Forex is an acronym for the currency market. Forex is mainly an international currency market where currencies from around the world buy and sell for profit. The market began in the 1970s. Forex is unique in the market because it is not based on any particular location, and also has very little qualification to invest. Forex is also without external controls, and investors (market participants) largely determine how much the currency costs depending on demand.
Almost everyone can invest in Forex, and there are certain strategies for investors who want long-term benefits and strategies for investors who want short-term profits. A huge number of investors make Forex completely unique in the financial community. Forex development does not stand in one place as the NYSE. Specific time frame for Forex trading 24 hours a day from Sunday to Friday. Conversion operations can take place at almost any time, anywhere, around the world. There are Forex-dealers on almost all time zones, and it won’t be hard to find them.
Many dealers can be found online. All an investor needs to do is decide in what currency he or she wants to start an account and then make a purchase. Many investors open an account using a credit line (they have no money). It’s called risky trading.
What Is Margin Trading?
Margin trading is a term used to trade borrowed capital. Conversion investments can be made virtually without money. All an investor has to do is make money on a certain currency. The investor chooses a currency that will increase in value quite quickly. After the currency increases, the investor gets the money back, which he has invested making tangible profits. These are high-risk investments, but revenues are large (as in most high-risk investments).
Like Forex analysts and Forex traders often have to analyze the market. Like all other investments, Forex assumes a certain amount of calculated risk. There are two ways to calculate these risks, technical analysis and fundamental analysis. The technical analysis is based on the idea that the trend will continue thanks to historical analysis. Forex investor will notice that a certain currency is very strong and seems to be growing at a confident rate. The same investor may also assume that the currency will not decline in price, and will continue to grow as it has done in the past. The investor then buys a large amount of this currency and expects to make a profit. This entails investing with great assumption, but is relatively safe. Fundamental analysis is an analysis of the situation of the whole country. Investors using this method look at the situation in the country where the currency is located.
Influence On The Market
Factors such as the country’s economic status, political status and global status are mainly taken into account. For example, the Investor of Fundamental Analysis will not invest in the currency of the country that recently overthrown its leader and is in political decline. Although it seems like a logical investment, but it is not taken into account as one of the main elements of Forex trading. Foreign exchange values are largely determined by investors.

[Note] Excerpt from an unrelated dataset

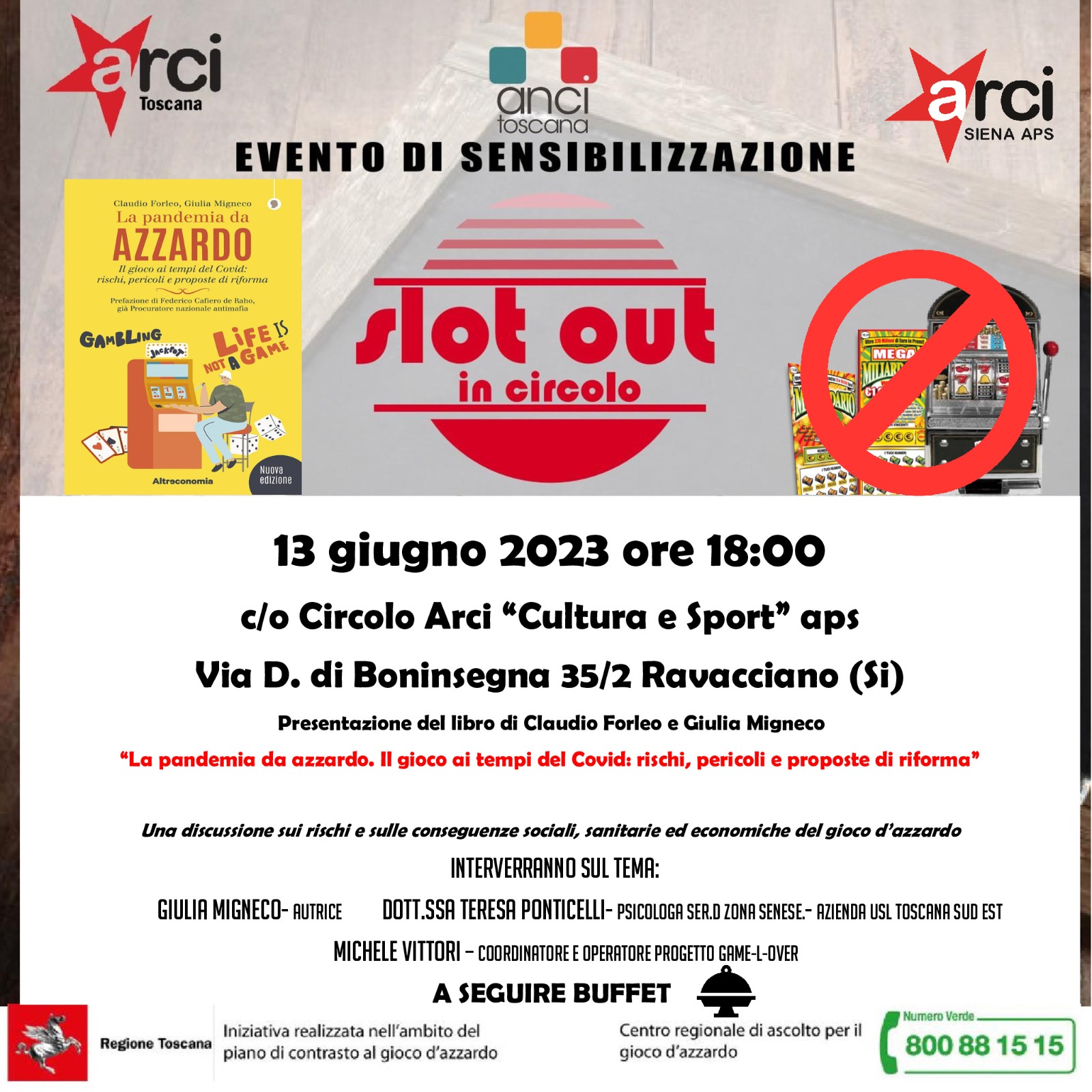 Il 13 giugno alle ore 18 presso il circolo ARCI di Ravacciano si terrà la presentazione del libro "La pandemia da Azzardo. Il gioco ai tempi del Covid: rischi, pericoli e proposte di riforma " di Claudio Forleo e Giulia Migneco. Si tratta di un evento di sensibilizzazione per discutere su rischi, conseguenze sociali, sanitarie ed economiche del gioco d'azzardo.

This, as they say, involves fundamental analysis, which other traders see and monitor the situation of the country in the same way and react accordingly.
Understanding Market Moments
In order to create a functioning system in the Forex market, it is necessary to go through many tests. The system which is based on logical elements of the technical analysis (the analysis of directly price fluctuations and levels of a probable imbalance) and the correct strategy of risk management has to earn as a result (it is necessary to consider also a human factor). The key elements of most trading systems without which successful trading is unthinkable will be described below.
Any trading system dealing with trading directly several ideas relies on the law of correlation. Correlation is the law of the relationship between two or more objects of the study (in our case these are charts of currency pairs). There is a forward and reverse correlation relationship. A direct correlation is a case where two charts are unidirectional and almost repeat each other, but if they are antidirectional, this is called shaped correlation.
What Is Correlation?
The correlation law is successfully applied in the valuation of strong and weak currencies in the Forex market also in the analysis of indices. A simple example is the USD index and its relationship with EUR/USD (if the index confirms the technical signal that appeared on the EUR/USD chart, it can be considered a priority speculative idea (the speculative portfolio should consist of priority ideas)). It should be noted that priority is given to the idea depending on the technical picture (in the above example USD index strengthens the technical picture EUR/USD (assigns it a score)). Trend, strong level, good macroeconomic expectations, confirmation of indices correlated with idea, are criteria by which priority is given to a particular currency pair.
What Is Volatility?
In order to understand the technical picture, the trader will also need to understand volatility in the moment and in the future. By analyzing price fluctuations, we highlight price and wave patterns, and one of these patterns is the magnitude of price fluctuations by which a trader can calculate profit potential and trade risk at the current market moment.
Volatility can be extremely high when the price makes relatively large movements in seconds, and extremely low (no movement and accordingly no market potential). The best market moment is volatility with an average historical value (a calm market when you can quietly form a position with the optimal level of risk). But what happens when volatility has increased dramatically? The best way in this case is to buy this volatility (especially relevant when buying volatility on a trend). The case where volatility is bought out is extremely risky, but as the technical analysis says: «The trend is very likely to continue than will turn».